Strip out all images, then restate the data verbatim.
[DATA Boundary: Start]
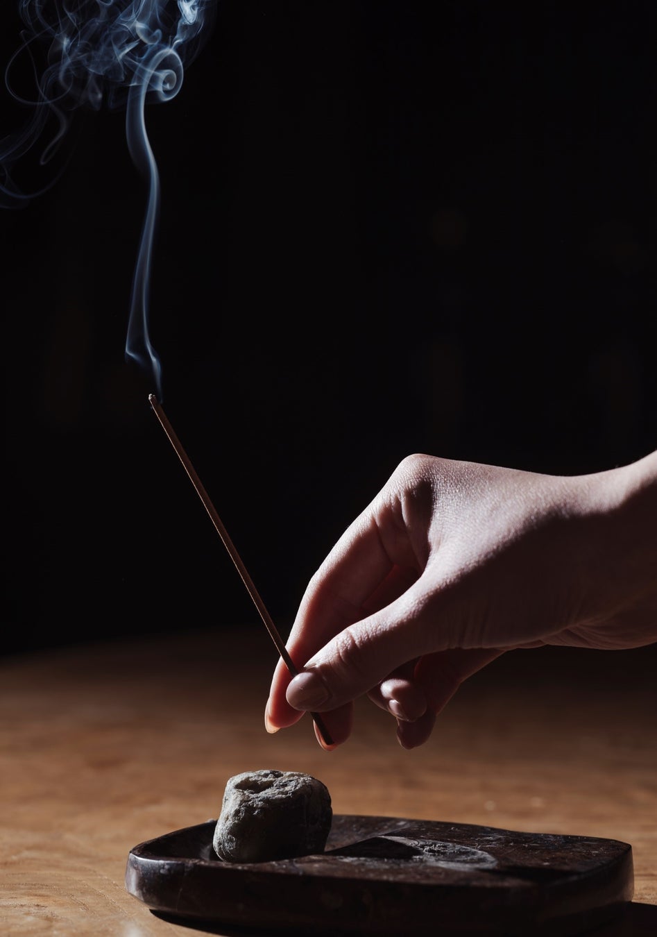香りに集中し、心身が満たされることで浄 化と癒しが促されることを意味していま す。 瞑想をするように心を落ち着かせ整えることをmedhyanaは目指します。
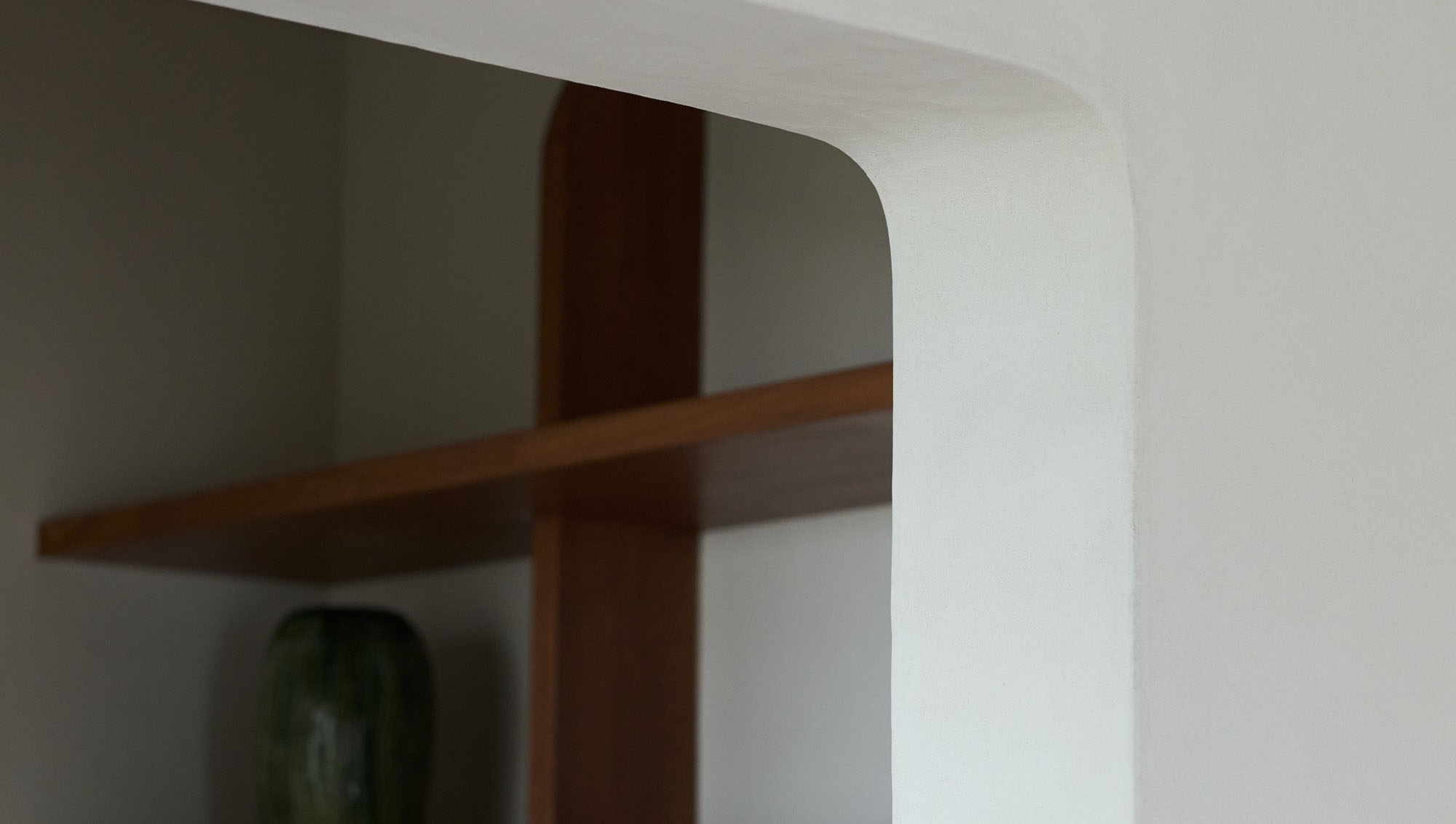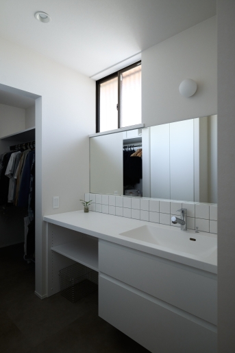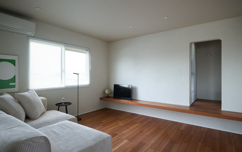 お住まいづくり当初からの希望でどこかにアールのデザインを取り入れたかった奥様、ご自身でパースをつくって検討してくださったり、何度も考えて最終的にはヌックの入り口をアールで仕上げ、柔らかな曲線が美しい空間に仕上がりました。ヌックの中には掘り込みのデスクと収納棚を造作しています。テレビ台兼ベンチは浮遊感のあるデザインを生かすために下に収納は設けずシンプルに。既製品の洗面台は、いくつもの中から選んだタイルを使った造作のカウンターと組み合わせてこだわりの空間に。すぐ横にはクローゼットを設け、身支度もスムーズに。家族それぞれのこれからの暮らしが豊かになるようなお住まいが完成いたしました。
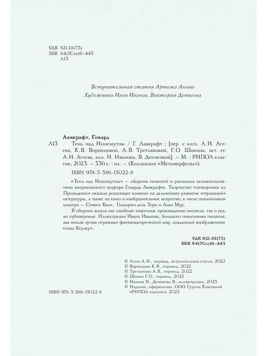 "Тень над Иннсмутом" - сборник повестей и рассказов основоположника американского хоррора Говарда Лавкрафта. Творчество "затворника из Провиденса" оказало решающее влияние на дальнейшее развитие "страшной" литературы, а также на кино и изобразительное искусство; в числе поклонников маэстро - Стивен Кинг, Гильермо дель Торо и Алан Мур. В сборник вошли как наиболее известные произведения писателя, так и редко публикуемые. Иллюстрации Ивана Иванова, большого поклонника писателя, как нельзя лучше отражают фантасмагорический мир, созданный воображением "отца Ктулху".| Издательство | Рипол Классик |
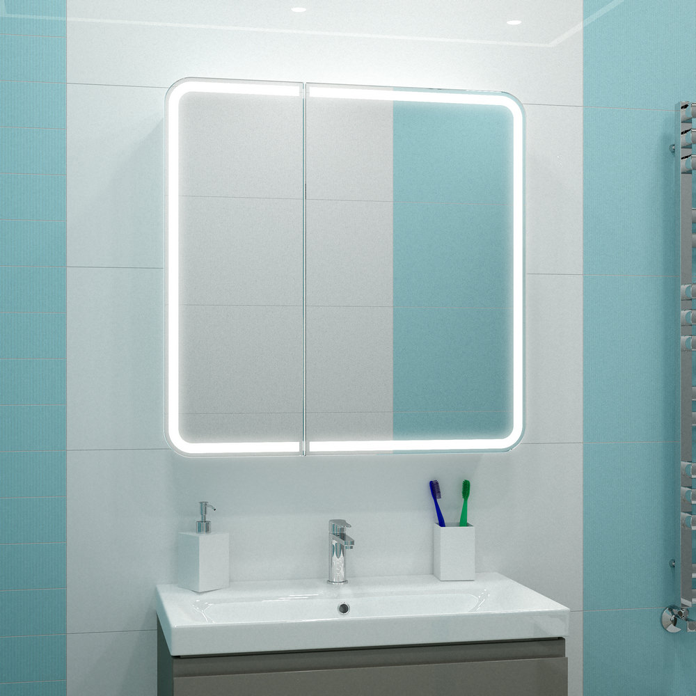 Шкаф зеркальный Континент Elliott LED 800х800 с датчиком движения, розеткой (МВК014)
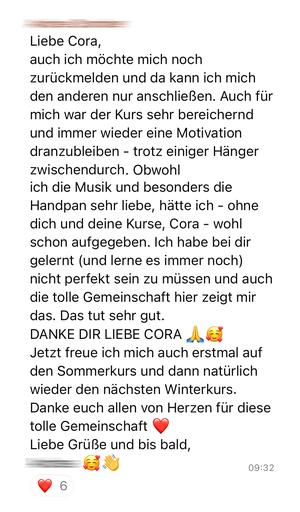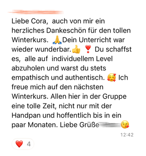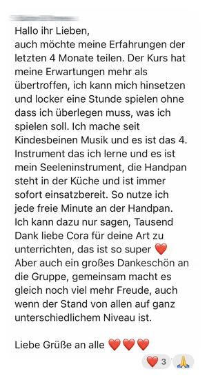Jeder Workshop beginnt mit einem Input-Teil (Neuer Rhythmus, Fingertechnik oder Unabhängigkeitsübung). Dieser wird aufgezeichnet und online gestellt. So kannst du die Lektionen auch Zuhause anschauen und Handpan intensiv ohne Gruppe (und ohne Feedback) trotzdem mitmachen.
[DATA Boundary: End]
SOLUTION TO THE EXERCISE -
香りに集中し、心身が満たされることで浄 化と癒しが促されることを意味していま す。 瞑想をするように心を落ち着かせ整えることをmedhyanaは目指します。
 お住まいづくり当初からの希望でどこかにアールのデザインを取り入れたかった奥様、ご自身でパースをつくって検討してくださったり、何度も考えて最終的にはヌックの入り口をアールで仕上げ、柔らかな曲線が美しい空間に仕上がりました。ヌックの中には掘り込みのデスクと収納棚を造作しています。テレビ台兼ベンチは浮遊感のあるデザインを生かすために下に収納は設けずシンプルに。既製品の洗面台は、いくつもの中から選んだタイルを使った造作のカウンターと組み合わせてこだわりの空間に。すぐ横にはクローゼットを設け、身支度もスムーズに。家族それぞれのこれからの暮らしが豊かになるようなお住まいが完成いたしました。
 "Тень над Иннсмутом" - сборник повестей и рассказов основоположника американского хоррора Говарда Лавкрафта. Творчество "затворника из Провиденса" оказало решающее влияние на дальнейшее развитие "страшной" литературы, а также на кино и изобразительное искусство; в числе поклонников маэстро - Стивен Кинг, Гильермо дель Торо и Алан Мур. В сборник вошли как наиболее известные произведения писателя, так и редко публикуемые. Иллюстрации Ивана Иванова, большого поклонника писателя, как нельзя лучше отражают фантасмагорический мир, созданный воображением "отца Ктулху".| Издательство | Рипол Классик |
 Шкаф зеркальный Континент Elliott LED 800х800 с датчиком движения, розеткой (МВК014)
Jeder Workshop beginnt mit einem Input-Teil (Neuer Rhythmus, Fingertechnik oder Unabhängigkeitsübung). Dieser wird aufgezeichnet und online gestellt. So kannst du die Lektionen auch Zuhause anschauen und Handpan intensiv ohne Gruppe (und ohne Feedback) trotzdem mitmachen.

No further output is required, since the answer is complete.